De manière pratique, 85% des Présidents de Conseils d’Administration en fonction sont à contre courant des textes réglementaires ce qui interpelle le processus de remplacement progressif car seul15% de ces Présidents semble aguerri au strict respect du delai fixé à 6 ans à un poste.
Concrètement, sur 113 entreprises et établissements publics répertoriés, 102 entreprises fournissent l’information sur la nomination des Présidents des Conseils d’Administration soit 90,20%.
Par ailleurs,sur les 102 d’entreprises, 48 Présidents soit 47% auront dépassés la période prévue de leur mandat de six ans le 12 juillet 2023.
Un regard objectif démontre que les durées dans les postes vont pratiquement de 6 à 31ans; à cet effet, 31 Présidents de conseils d’administration ont un mandat qui s’étale de 6 à 11 ans, 16 ont une longévité au poste variant de 12 à 17 ans, 3 ont un mandat de 18 à 23 ans et 3 cumulent une durée de plus de 23 ans, pour un quota de 8 femmes sur 48 soit 16,66% de l’effectif.
En outre, référence faites aux données consultées, seuls 7 Présidents de Conseils d’Administration soit un pourcentage de 15% sont dans le respect de la durée de 6 ans au poste de PCA; un taux de non-conformité de 85% et assez inquiétant au regard des exigences de la loi de 1999 soutenueu par celle de 2017, laquelle mettait en lumière que 41 PCA sur les 48 avaient déjà des mandats largement dépassés.
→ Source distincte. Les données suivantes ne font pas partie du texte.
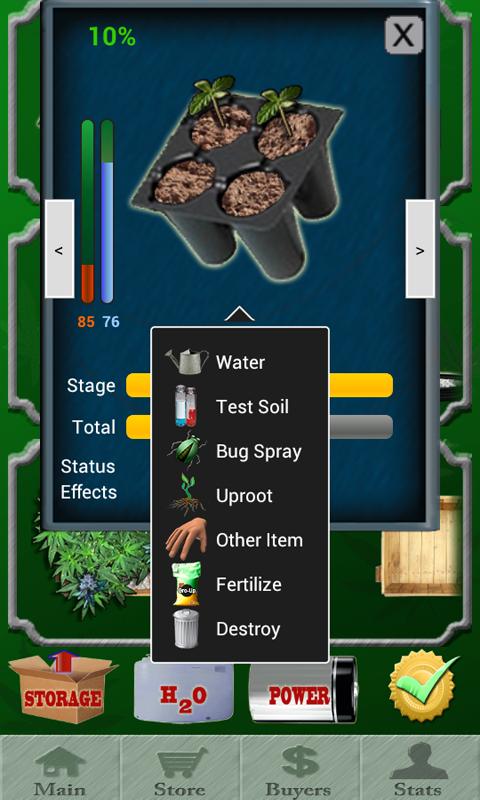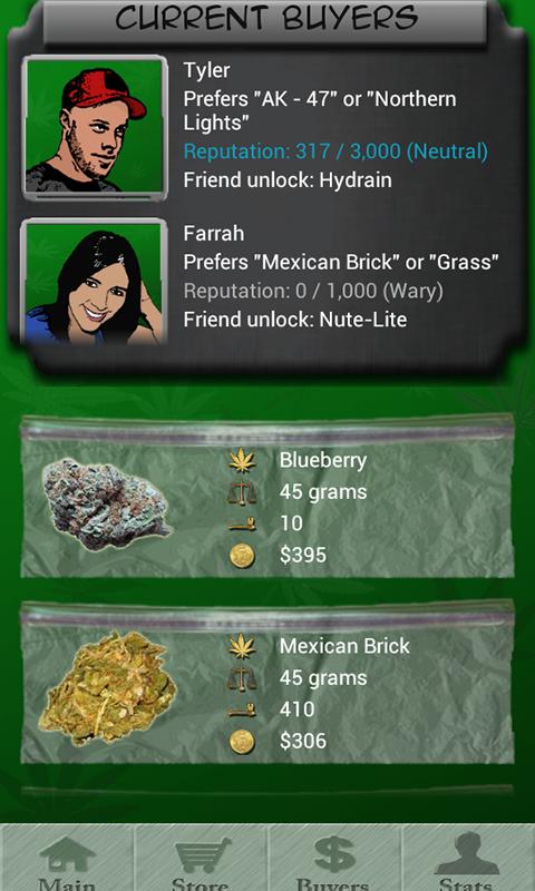 Игра в которой вам предстоит выращивать различные сорта конопли. Начинайте с нуля и развивайте свою компанию в геометрической прогрессии. Садите свои растения, ухаживайте за ними, удобряйте и поливайте их. Для каждого растения нужен свой уход, обо всем этом вы сможете прочитать в справочнике - руководстве по выращиванию различных сортов который находится в игре. После того как все будет готово, вам необходимо искать покупателя, входить к нему в доверие чтобы он подумал что у вас самый лучший товар. Продавайте растения и покупайте новые для того чтобы расширить свой бизнес.

La loi est dure mais c’est la loi, dans le respect de celle ci, le Chef de l’Etat devrait indubitablement procéder au remplacement de tous les Présidents de conseils d’administration dont les mandats sont largement échus afin que rayonne ce concept chère à lui, la « République exemplaire ».
Loin d’une analyse à tirs groupés, la nécessité de remplacer s’impose car, dans le non-respect des lois et décrets est une violation flagrante de l’Etat de droit et un acte de délinquance administrative; l’enracinement des dirigeants n’est pas toujours à la hauteur des performances attendus; la théorie du changement instituée dans le cadre de la réforme des entités publiques ne peut guère s’appliquer sans oublier les dirigeants concernés qui engagent leur responsabilité civile et pénale en prenant des actes dont la légitimité peut être contestée.
Globalement, procéder au remplacement ne saurait être une punition bien au contraire, c’est la reconnaissance de la nation pour un travail appréciable; une appréciation doublée de la seule volonté du législateur camerounais que le fonction de Président de la République encadre.